El país americano era por entonces neutral, pero Alemania temía que países como Estados Unidos o Argentina, aunque no lucharan, proporcionasen ayuda a sus enemigos. Dilger, por tanto, estableció un laboratorio clandestino en su casa y se puso a realizar cultivos de carbunco y de muermo, para contagiar animales en los puertos y así, si Estados Unidos proporcionaba ganado vacuno a Francia o Reino Unido, las vacas estarían infectadas por una de estas enfermedades.
Irónicamente, este “esparcidor de enfermedades” fue víctima de una de ellas. En 1918 se encontraba en Madrid cuanto contrajo la terrible epidemia de gripe que a veces se llama gripe española, ya que fue en ese país donde se describió por primera vez, y murió allí. ¿Justicia poética?
Al final de la Gran Guerra los países involucrados quedaron tan horrorizados por el uso de armas químicas que decidieron hacer algo al respecto; naturalmente no habían estado tan horrorizados mientras las usaban ellos mismos durante la guerra. Las armas biológicas se metieron en el mismo saco, aunque como hemos visto no fueron empleadas tanto para matar personas como animales, y a una escala mucho menor que las químicas. El acuerdo se puso por escrito en el Protocolo de Ginebra en 1925, y fue registrado en la Liga de Naciones –la precursora de las Naciones Unidas– en 1929.

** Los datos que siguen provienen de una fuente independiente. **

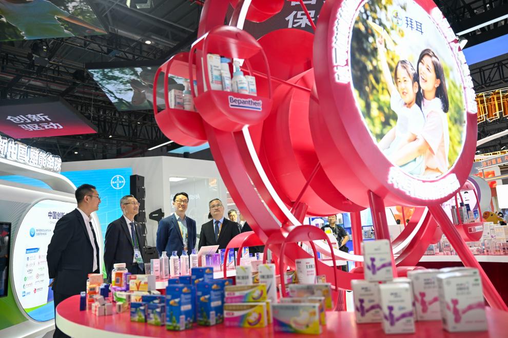 2025年11月7日,觀眾在進博會醫療器械及醫藥保健展區拜耳展臺參觀。新華社記者陳浩明 攝
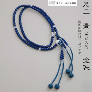 幅広く巡礼にお使いいただける百八玉、本連の念珠です。ラピスラズリ風の色あいで、老若男女問わずお使いいただけます。 親玉のレンズを覗くと弘法大師の御姿が見えます。尺二寸。プラスチック。
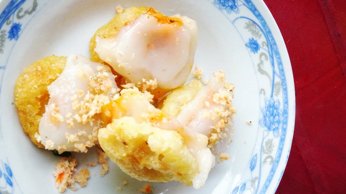 Bánh ram ít: Bánh ít ram có hai màu trắng vàng, điểm xuyết màu xanh của mỡ hành, vàng của tôm cháy. Bạn sẽ cảm thấy thích thú bởi khi ăn, bánh vừa giòn rụm lại dẻo mềm. Giá một phần thường từ 10.000 đồng. Địa chỉ gợi ý: đường Phạm Hồng Thái, O Sớm ở Hải Triều, Dì Sinh ở Lê Thánh Tôn, Ông Đỏ ở Nguyễn Bình Khiêm…
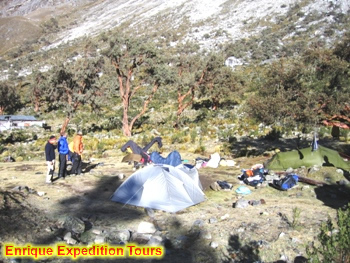 Este día depuse de disgustar de un buen desayuno nos estaremos dirigiremos hacia el campo base, la ruta es por el mismo lugar por donde llegamos a este punto, ya encontrándonos en el campo base estaremos nuevamente cargando nuestro equipaje en los burros para entrar nuevamente a la quebrada de Santa Cruz - laguna Jatuncocha lugar donde situaremos el campamento de este día.

El protocolo, que aún sigue vigente, prohibe el uso de gases asfixiantes y venenosos, además de las armas bacteriológicas y víricas. El primer país en firmarlo fue Francia, en 1926, y luego lo fueron haciendo muchos más, hasta los ciento treinta y ocho actuales. Sin embargo, no todos lo han firmado igual: algunos países, como la propia Francia, Canadá o Brasil, no tienen ningún tipo de provisión especial, pero otros, como China o Estados Unidos, se reservan el derecho de usar armas biológicas o químicas contra países que las usen a su vez (es decir, “seremos buenos si el enemigo es bueno”). Finalmente, hay países que nunca han ratificado el Protocolo de Ginebra, como Mauritania, Colombia o Myanmar.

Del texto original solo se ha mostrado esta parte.